The missing piece – middleware virtualization
If you take pretty much any existing application, add another machine into the network, and watch what happens, you wouldn’t be surprised that nothing much would happen at all.
Today’s applications aren’t able to dynamically take advantage of new computing resources that become available. That’s also true for cloud based environments like EC2 – the fact that you can now add machines easily is nice, but it doesn’t mean that the application can do anything with it. What is missing is a layer that helps the application take advantage of these new resources dynamically, as they are being added to the system. This is where middleware virtualization comes to the rescue.
Like in storage virtualization, where we can add physical disks easily without touching the application that is utilizing them, we can do the same for the web, business logic, messaging and data layers of our applications. The idea is very similar to storage: we decouple the application from the physical resources and then use a client-side proxy that maps between the application API calls and the appropriate resource that will be used to serve that call. On the web layer, you can use a load-balancer to get to this level of virtualization; on the messaging, business logic and data layers, you can use In-Memory-Data-Grids for the same purpose.
Where to start?
By now, you’re probably nodding your head with agreement, but at the same time you’re probably scratching your head thinking, “how the hell do I get there without re-writing my entire application?” Indeed, everything I’ve been saying is pure common sense, yet for years the industry has struggled with this challenge and hasn’t found a way to apply it effectively. So what’s different now?
The step-by-step approach
IMO, the key to successfully achieving flexible scaling or auto-scaling is by finding the right steps that will get you there with minimum risks. The first steps need to show value with very little effort. Once you get into a better comfort level, you can think of taking more serious steps.
If you take a simple web application and break it down to its components (web, business-logic, data) you can easily see that scaling the data layer would probably be harder then scaling the web layer. In this post I’ll focus on the steps required to scale the web layer.
How to add auto-scaling to your existing web tier
- Dynamically provisioning the web container
- Dynamically discovering the web containers and adding them to the load balancer
In a stateless application, these two should do the trick. However, in a more stateful application, you’ll also need to address the way session data is handled when adding or removing machines. For this, you need to be able to address high availability of session data and and data affinity between the load balancer and the web container.
1. Making the session reliable – to make session information reliable, you can back them in an In-Memory Data Grid, which is kept outside the web container. This way, if the web container changes location due to a scaling event, the session information is kept in that shared memory, and a new server can load it on-demand. To avoid the performance overhead of using remote memory, you can use a local cache that is loaded on-demand. For session information, this is fairly useful, because during a particular session it is very likely that you’ll need to read the same user data over and over again. The combination of local and remote Data Grid allows you to get to the great performance of local memory, while still keeping the memory reliable, and without having to overload each server will all the session data.

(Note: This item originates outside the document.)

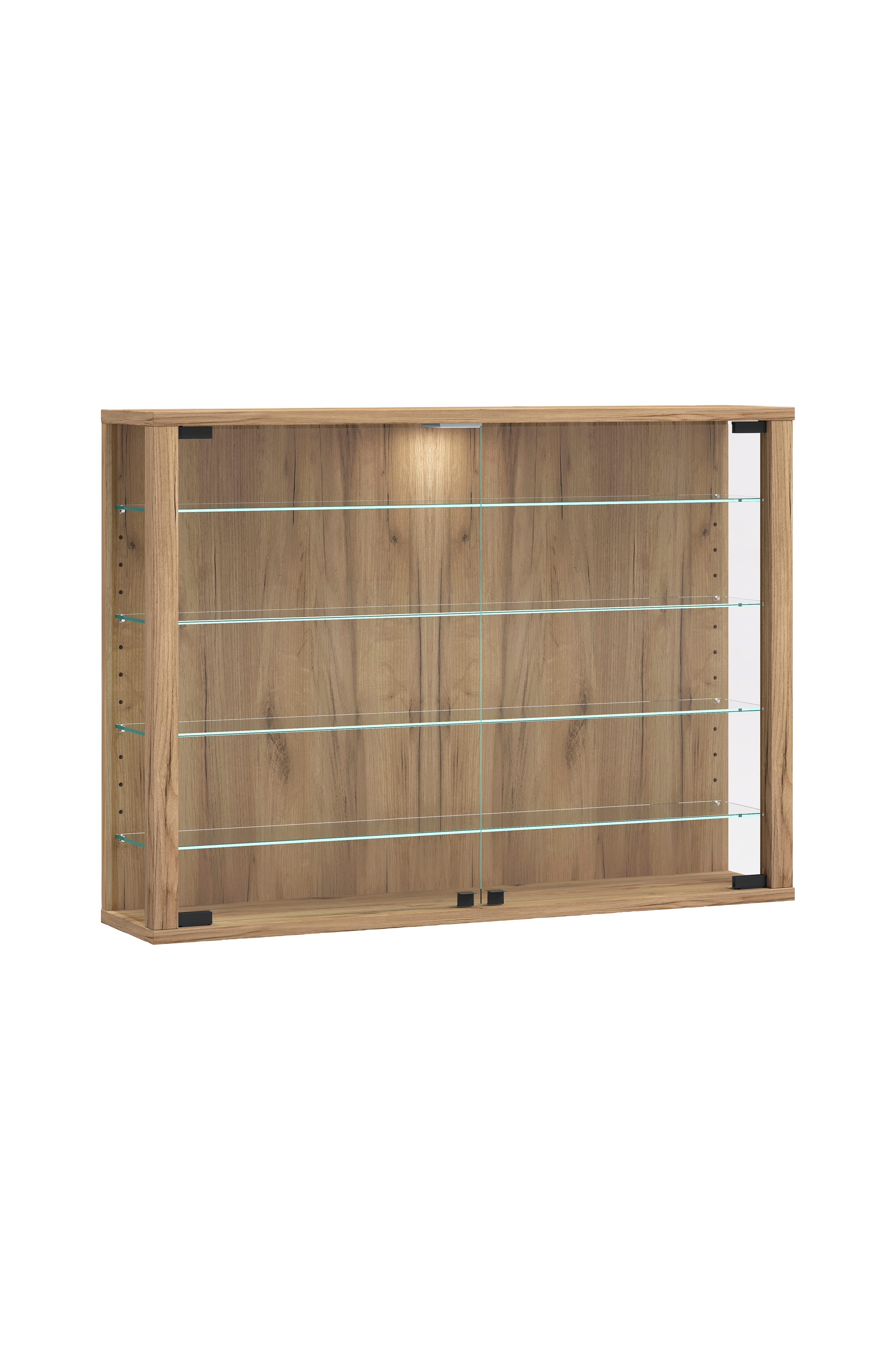 Designeren har brugt robuste træbaserede materialer til kroppen. Dørene er lavet af hærdet sikkerhedsglas, som giver øget slag- og stødmodstand. Vitrineskabet forvandler enhver væg til et absolut blikfang.
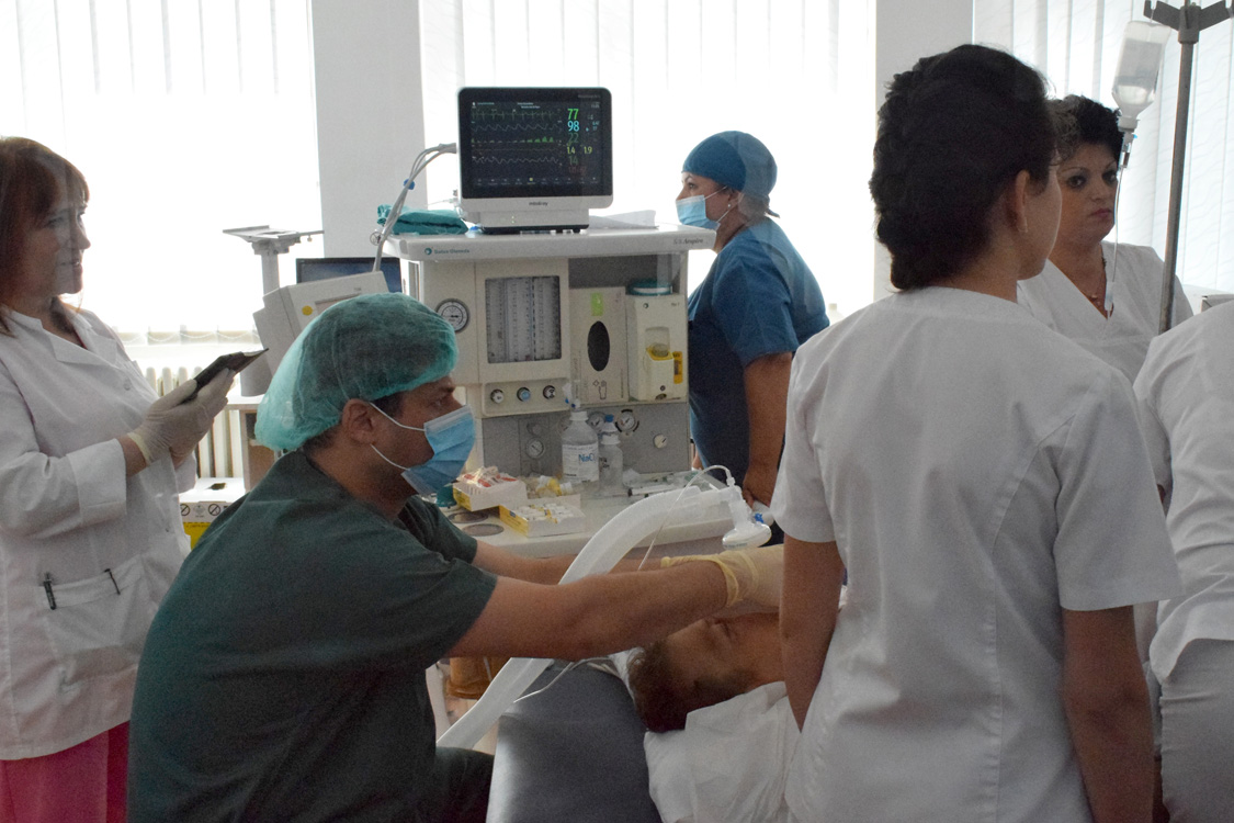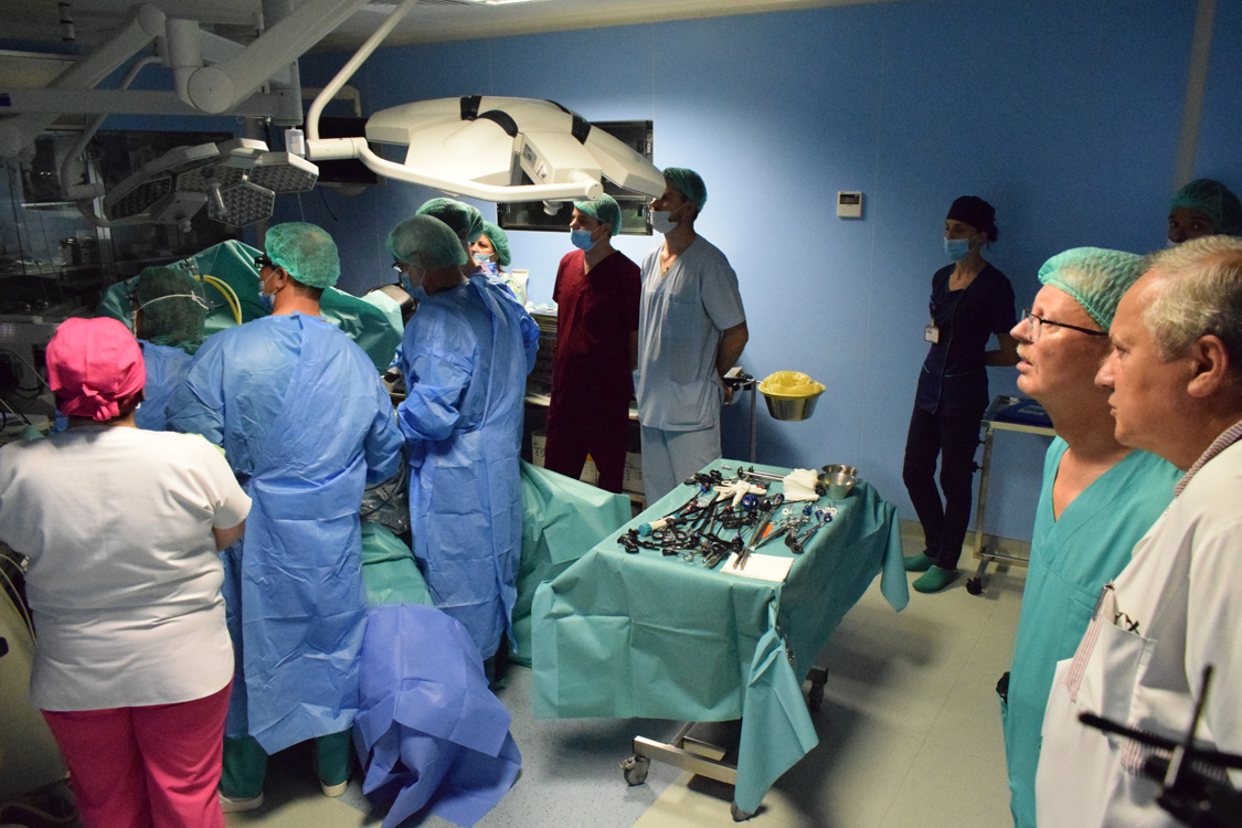Tot de joi a început și programul maraton de operații chirurgicale, care a continuat și în cursul zilei de vineri, 28 iunie. În total sunt 20 de intervenții, din sfera chirurgiei generale, a chirurgiei laparoscopice, ortopediei, chirurgiei endocrine, ginecologiei și oftalmologiei (coxartroze cu displazie de șold, hernie hiatală, tumoră suprarenală, gușă polinodulară, tumoră pancreas, cataracte, extirpare lipomatoză cervicală sub anestezie generală, carcinomatoză pleurală și polipectomii). Cazuri selecționate, deloc ușoare, ce beneficiază de expertiza unor echipe complexe formată din medici chirurgici, cu rezultate foarte bune pe aceste patologii. Sunt cazuri de o complexitate foarte mare, unele dintre ele cu o durată de intervenție de peste 5 ore. Toate operațiile au fost transmise live, prin rețeaua de telemedicină, în sala de conferințe, unde toți cei prezenți au putut vedea în direct intervențiile din cele 4 săli de operații.

2. Maintaining data affinity between the load balancer and the web container: In many cases data affinity is done through “sticky sessions”. This basically means that the load balancer “remembers” the first server the user interacted with, and then during the entire session routes all requests from that particular user to the same server. This method is often based on identifying the server based on its IP – but in a dynamically-scalable environment, this assumption no longer holds. The same user session can be on one particular host at one point in time, and then on a different host in another point in time. To overcome this issue, you need to use a routing scheme that isn’t based on host names, but rather on logical IDs. This means that each web container needs to have a logical ID, and the load-balancer can then route the requests based on this ID. The ID will be consistent regardless of where this web container is running, so this solves the problem.
Further optimization – avoiding session stickiness
Imagine a scenario where a user is now associated with a particular server during a session, and that server becomes overloaded. This is where session stickiness becomes a scalability limitation. To avoid this limitation, you can keep the session data outside the web container on a shared In-Memory Data Grid. This means the same user session can be served at any point in time by any of the web containers – which gives you better scalability. The downside of this approach is performance, because you wouldn’t be exploiting the local memory of each web container. You’d also need to apply more stringent locking on the data, because in this scenario a concurrent update might happen under the same user session.
Try it now on the Amazon cloud
All of the above looks nice on paper – we all know how it works, right? :)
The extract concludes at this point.